# PowerFlex 525 manual



## emtnut (Mar 1, 2015)

erics37 said:


> Does anyone know where I can purchase an actual printed book copy of the User Manual? I'm sick of scrolling through my damn phone looking up parameters.



Why not just print out the pages you usually need ?


----------



## Cow (Jan 16, 2008)

Eric, when I ordered a 525 a while back, my distributor over here said AB doesn't have a printed manual. I can only shake my head at whoever at AB thought all we need now is a simple PDF manual online.:no: 

I want that guy to try and set up a PID in a PF525 for the first time with nothing more than a mobile phone screen to scroll back and forth, like I had too. 

I finally said screw it and spent almost $80 at Office Max getting them to print and bind two copies of Powerflex 520 series manuals. For something I should get free, in the box, with the drive. Just like ABB does, at a lower price even.

Sorry for the rant.


----------



## triden (Jun 13, 2012)

Just print this out: http://literature.rockwellautomation.com/idc/groups/literature/documents/qs/520-qs001_-en-e.pdf

The quick setup guide.


----------



## emtnut (Mar 1, 2015)

triden said:


> Just print this out: http://literature.rockwellautomation.com/idc/groups/literature/documents/qs/520-qs001_-en-e.pdf
> 
> The quick setup guide.


Much more betterer ... I saw the manual after I posted ... 250 pages


----------



## triden (Jun 13, 2012)

emtnut said:


> Much more betterer ... I saw the manual after I posted ... 250 pages


If you print it double sided its only about 15 pages.

And I find AB manuals to be fairly decent. Try to read an Altivar manual sometime...bleh


----------



## micromind (Aug 11, 2007)

Cow said:


> Eric, when I ordered a 525 a while back, my distributor over here said AB doesn't have a printed manual. I can only shake my head at whoever at AB thought all we need now is a simple PDF manual online.:no:
> 
> I want that guy to try and set up a PID in a PF525 for the first time with nothing more than a mobile phone screen to scroll back and forth, like I had too.
> 
> ...


This is the very reason why I'm moving away from A/B VFDs and toward Baldor. A paper manual is included with every Baldor VFD, and it's pretty easy to understand. 

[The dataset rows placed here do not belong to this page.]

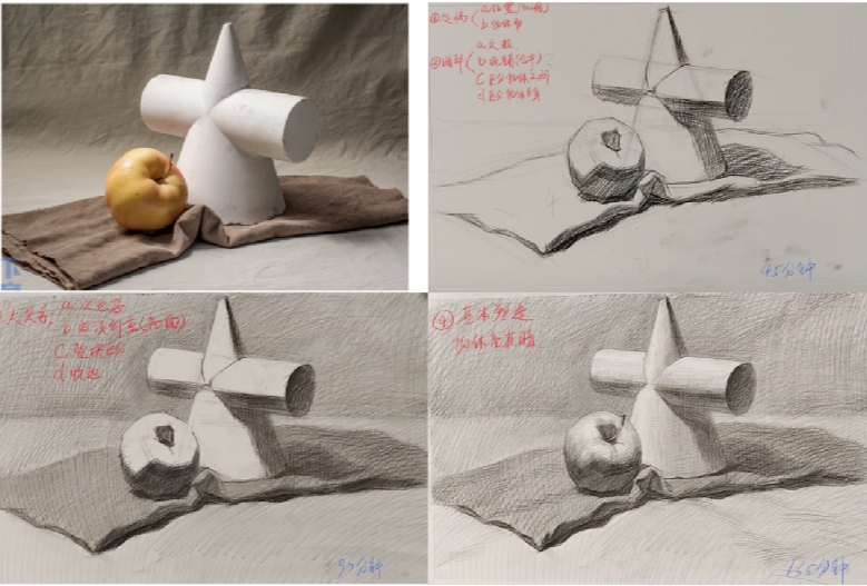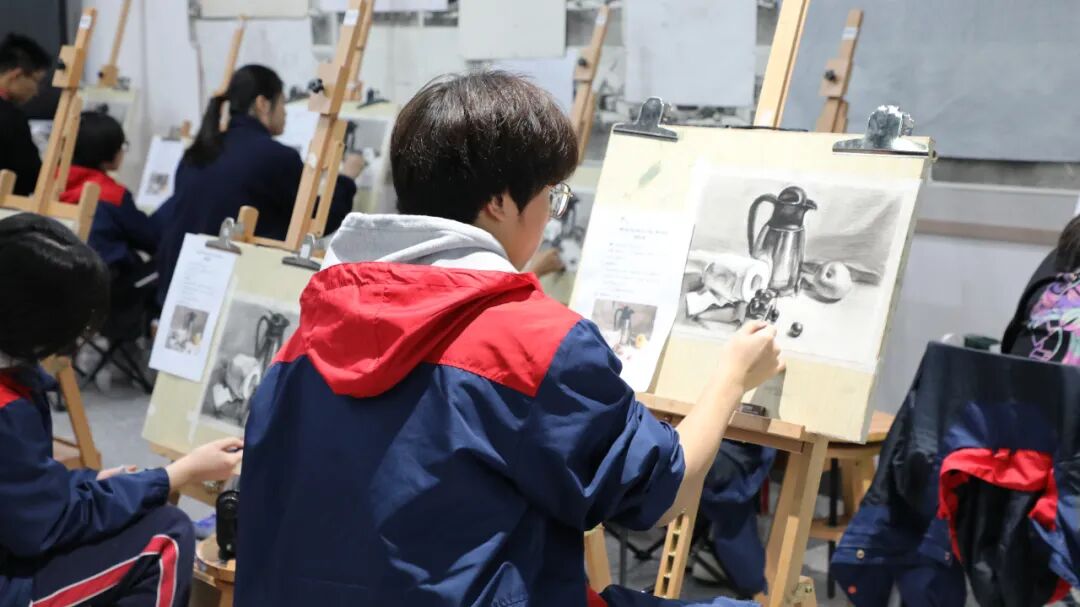 在康礼美术部,还有一个不成文的规定——每天中午12:30—14:00,专业老师们都会准时走进画室对同学们进行指导,有时候老师们还会和同学们一起画,为大家做示范。“中午的画室很安静,除了铅笔在纸面上摩挲发出的‘沙沙声’外,再无其他,每个人都沉浸在自己的画纸里。”张鹤龄说,虽然每天中午只有短短1.5小时,但老师的点拨,总能让她醍醐灌顶。“只要日复一日地坚持,一个学期就有211.5小时,量变一定可以产生质变。”
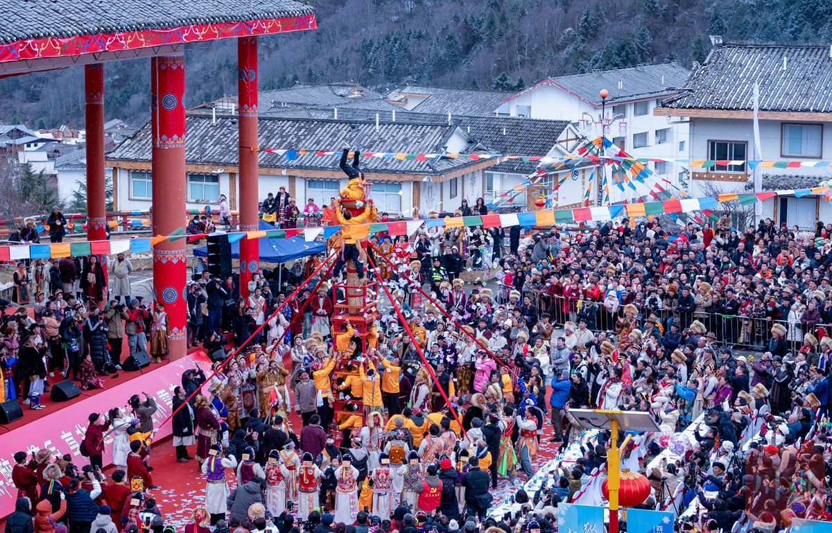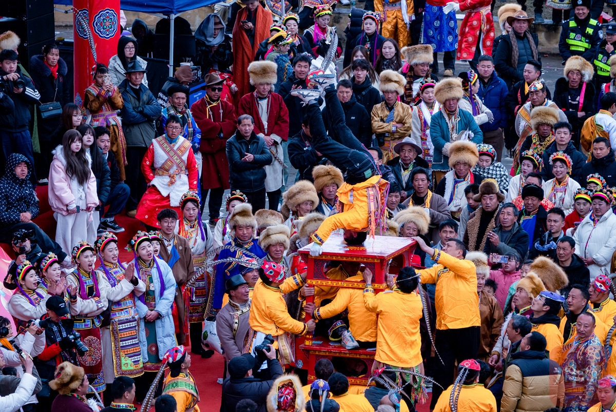 2025年2月6日,農(nóng)歷正月初九,雅安寶興磽磧藏寨迎來(lái)藏歷木蛇年傳統(tǒng)民俗文化活動(dòng)“上九節(jié)”。C視覺(jué) 李龍年 攝
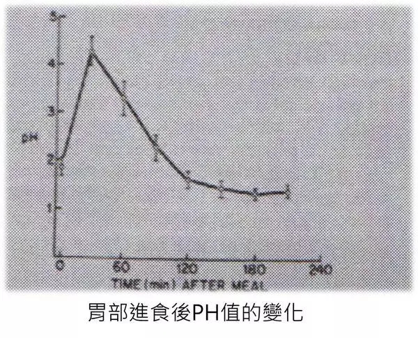 但若是非特殊耐酸硷的益生菌产品,该何时吃呢?从下图我们可以看出,胃部在进食后PH值的变化,饭前胃部PH值大约2左右,进食后胃酸受食物中和作用PH直上升,饭后1小时PH值逐渐下渐,尤其在饭后2小时PH值低于2。故从胃部PH值来看,非耐酸性益生菌建议搭配食物服用。
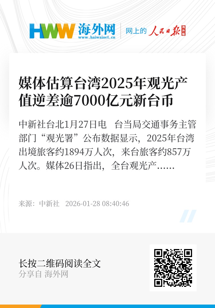 综合中央社、联合新闻网和中时新闻网等台媒报道,“观光署”数据显示,2025年台湾出境、入境旅客数量相差近1037万人次;参照2024年消费数据,推估2025年观光产值逆差约为7010亿元。
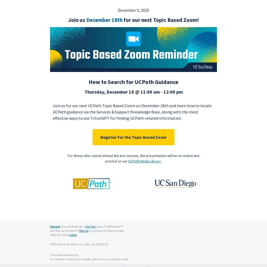 Join us for our next UCPath Topic Based Zoom on December 18th and learn how to locate UCPath guidance via the Services & Support Knowledge Base, along with the most effective ways to use TritonGPT for finding UCPath-related information.

In fact, I'm moving away from A/B in general because it seems to be run by a bunch of MBAs instead of people who actually understand electrical equipment.


----------



## erics37 (May 7, 2009)

Cow said:


> Eric, when I ordered a 525 a while back, my distributor over here said AB doesn't have a printed manual. I can only shake my head at whoever at AB thought all we need now is a simple PDF manual online.:no:
> 
> I want that guy to try and set up a PID in a PF525 for the first time with nothing more than a mobile phone screen to scroll back and forth, like I had too.
> 
> ...


I literally have piles of ABB manuals sitting around :laughing: There's at least 3 identical ones in the bottom of every control cabinet, at least 6 on my van, and another dozen piled up on someone's desk. I appreciate it, of course, but at some point I wonder if they'll package a drive without a manual for those of us that have a bunch already :thumbup:


----------



## JRaef (Mar 23, 2009)

Before we stopped giving out printed manuals, we tossed probably 500# of manuals into the recycle bin every time there was a firmware change, and that's just one of hundreds of offices and thousands of distributors. The waste was incredible. Brochures and quick start guides can remain relevant for longer, but a manual for something that has changed is all but useless. 

If you want a printed one, your distributor can order it for you, I think they pay $3 for it. Most of mine just print it out for you when asked.


----------



## Jhellwig (Jun 18, 2014)

Allen Bradley Stopped sending manuals out a few years ago. They were sending full manuals then they went to a more basic Multilanguage version and then they went to a even more basic stapled together guide. Then it was just a paper saying if you need a manual one can be ordered from them. They were sending cd's with the manuals on them but stopped that also.

I think that there was a manual embedded in the documentation along with the eds file that you can download from the drive itself but I might be wrong. It would still have to be printed though.


----------